=== Work required ===
Nothing but the lines from the top of the records through the line with "Butterick 6852 Sewing" should be returned, exactly, and without pictures.

(Dataset records Opens)

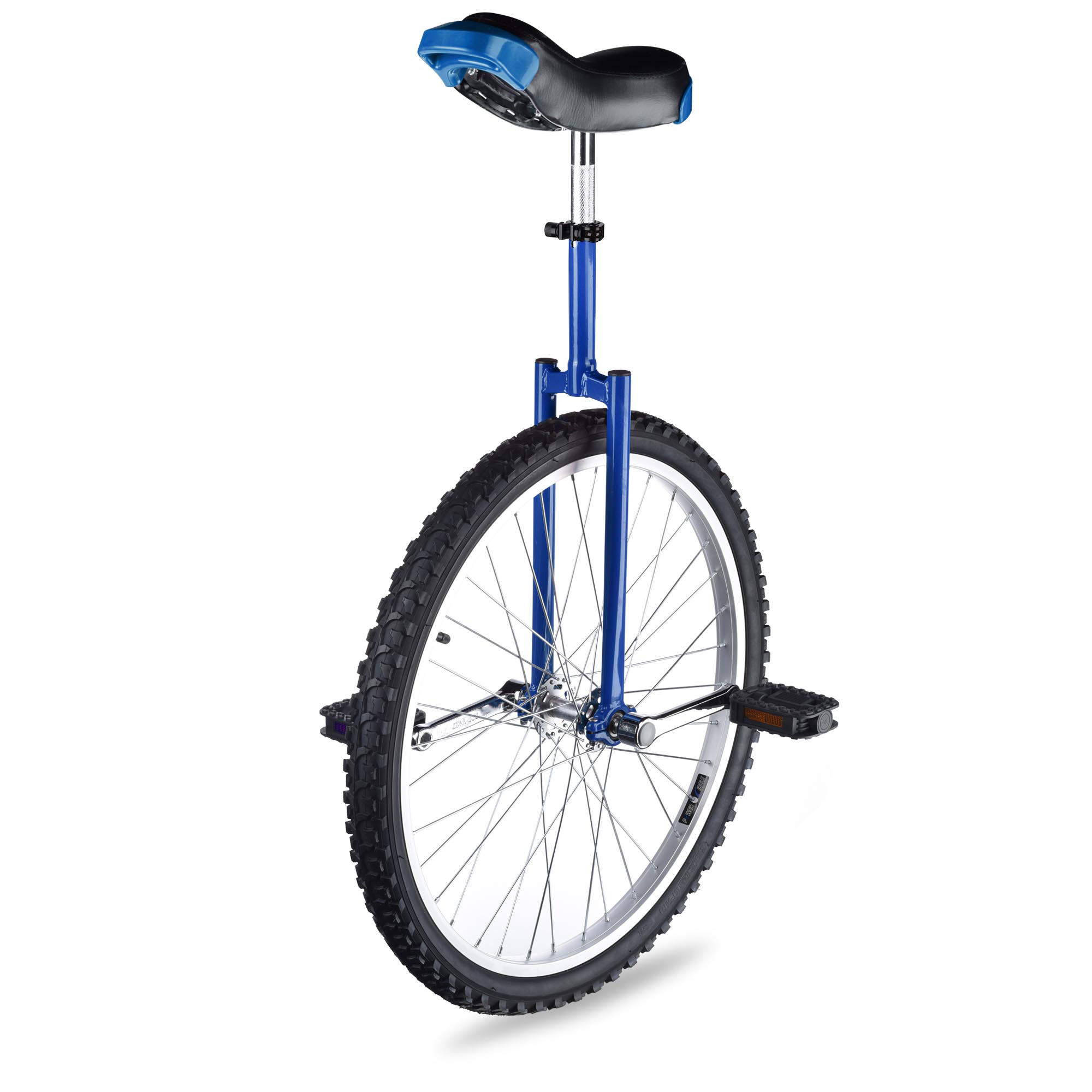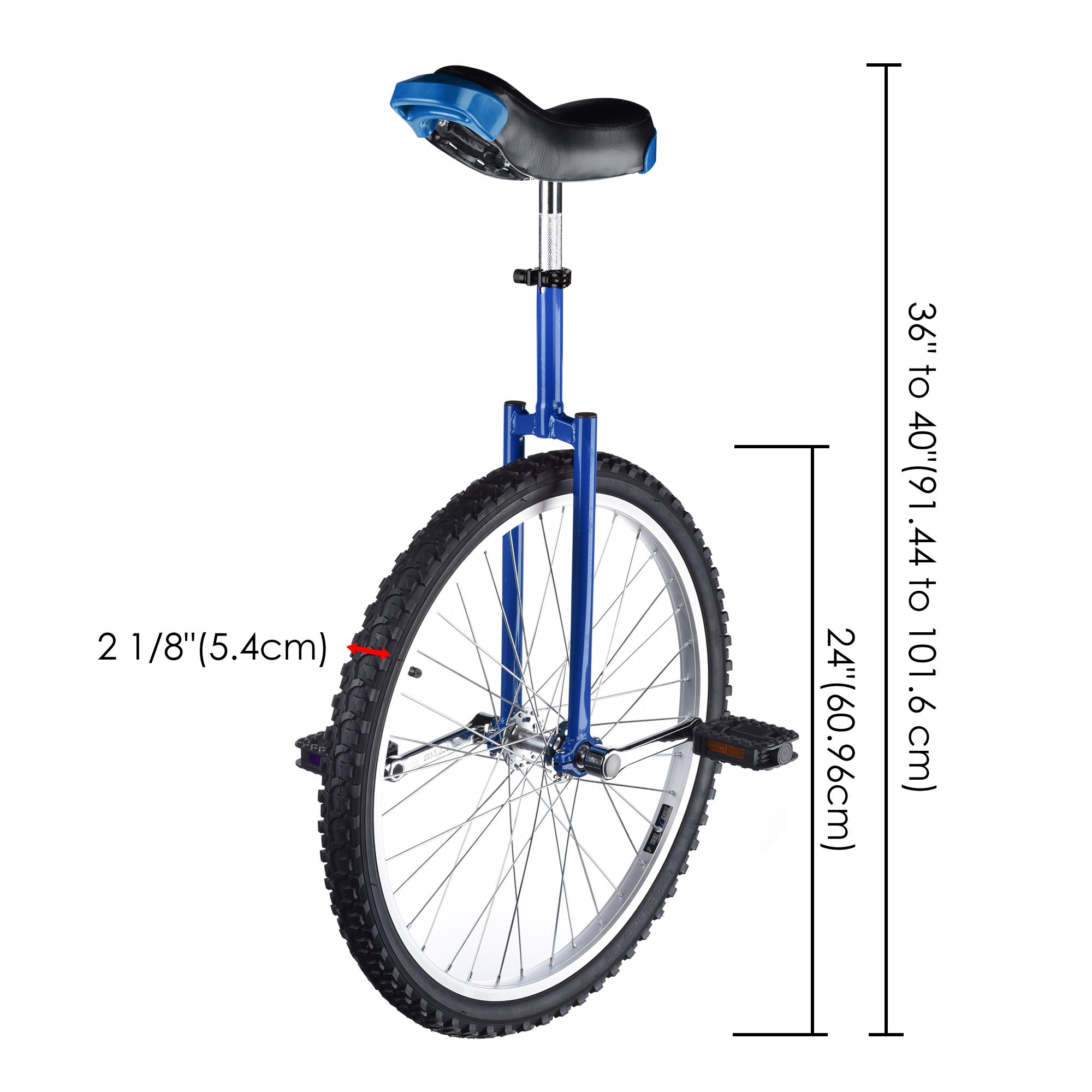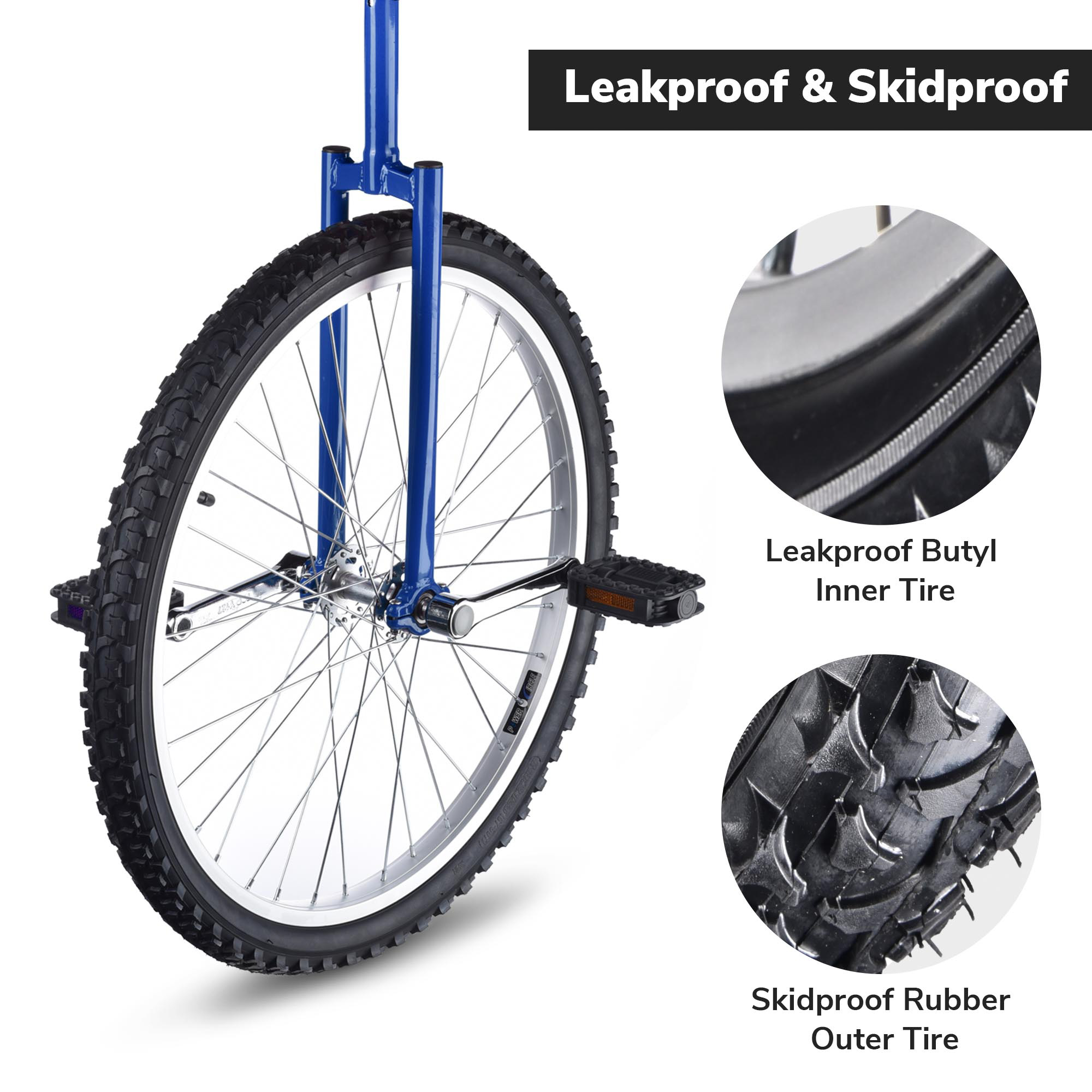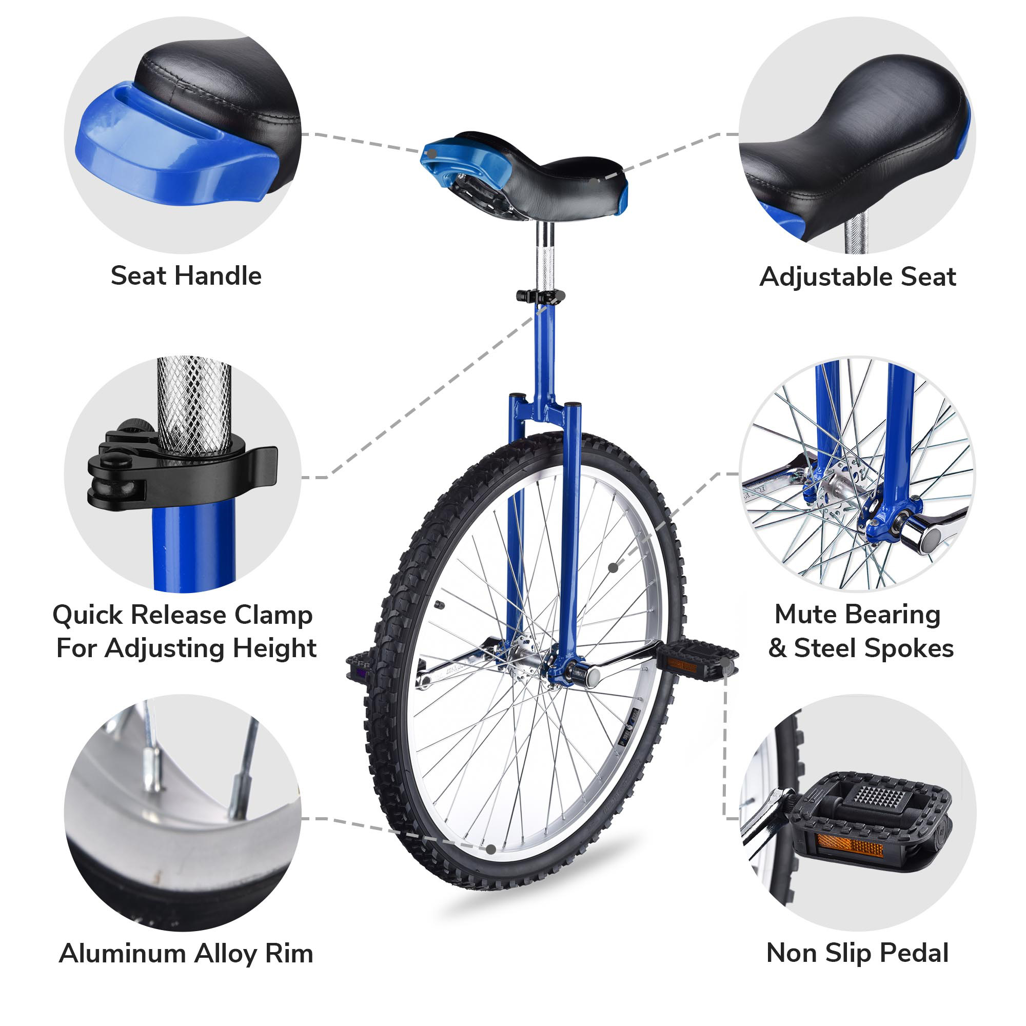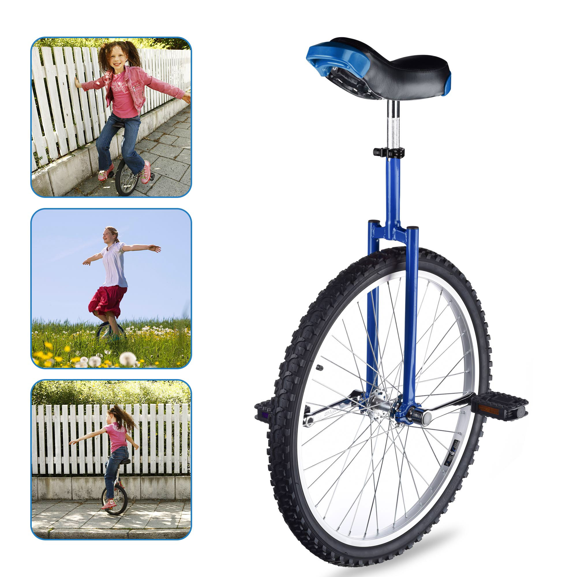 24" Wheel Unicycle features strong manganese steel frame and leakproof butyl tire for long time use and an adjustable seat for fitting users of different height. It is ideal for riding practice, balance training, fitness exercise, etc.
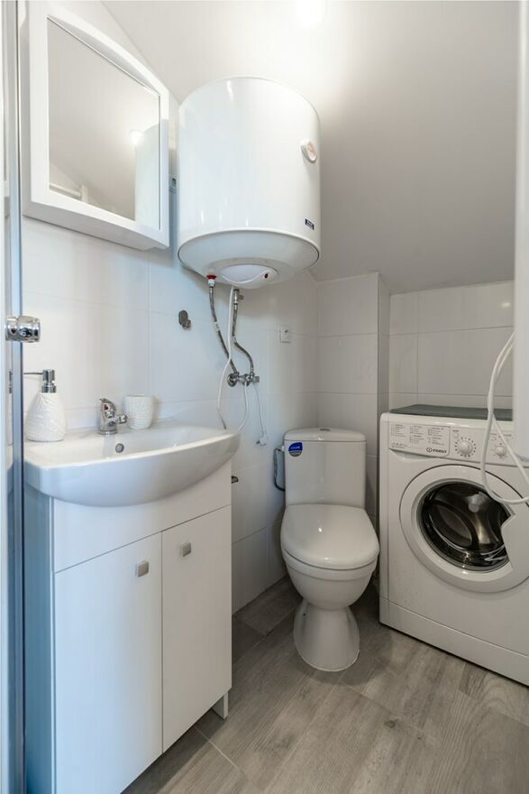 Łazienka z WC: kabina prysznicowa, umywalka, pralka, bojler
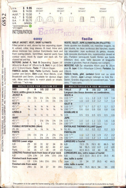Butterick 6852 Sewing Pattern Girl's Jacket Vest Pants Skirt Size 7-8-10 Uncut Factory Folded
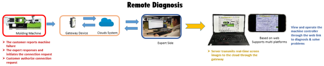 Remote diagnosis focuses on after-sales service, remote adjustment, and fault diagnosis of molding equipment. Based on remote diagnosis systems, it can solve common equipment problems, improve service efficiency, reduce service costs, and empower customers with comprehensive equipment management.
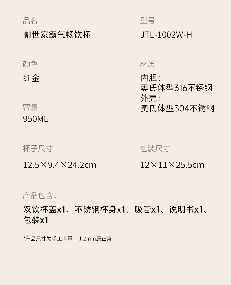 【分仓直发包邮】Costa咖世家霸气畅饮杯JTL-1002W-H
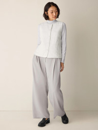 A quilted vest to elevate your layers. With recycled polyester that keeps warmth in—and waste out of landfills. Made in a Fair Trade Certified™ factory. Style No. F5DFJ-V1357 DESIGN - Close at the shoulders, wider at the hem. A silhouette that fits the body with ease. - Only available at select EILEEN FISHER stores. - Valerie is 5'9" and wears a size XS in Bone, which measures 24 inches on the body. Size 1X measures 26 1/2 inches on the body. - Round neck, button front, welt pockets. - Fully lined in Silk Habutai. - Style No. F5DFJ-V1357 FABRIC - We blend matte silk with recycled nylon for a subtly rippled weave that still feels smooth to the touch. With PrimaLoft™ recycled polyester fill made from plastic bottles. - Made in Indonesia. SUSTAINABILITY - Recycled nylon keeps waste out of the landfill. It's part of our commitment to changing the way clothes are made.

(Dataset records Closes)

=== Task solution ===
 24" Wheel Unicycle features strong manganese steel frame and leakproof butyl tire for long time use and an adjustable seat for fitting users of different height. It is ideal for riding practice, balance training, fitness exercise, etc.
 Łazienka z WC: kabina prysznicowa, umywalka, pralka, bojler
Butterick 6852 Sewing Pattern Girl's Jacket Vest Pants Skirt Size 7-8-10 Uncut Factory Folded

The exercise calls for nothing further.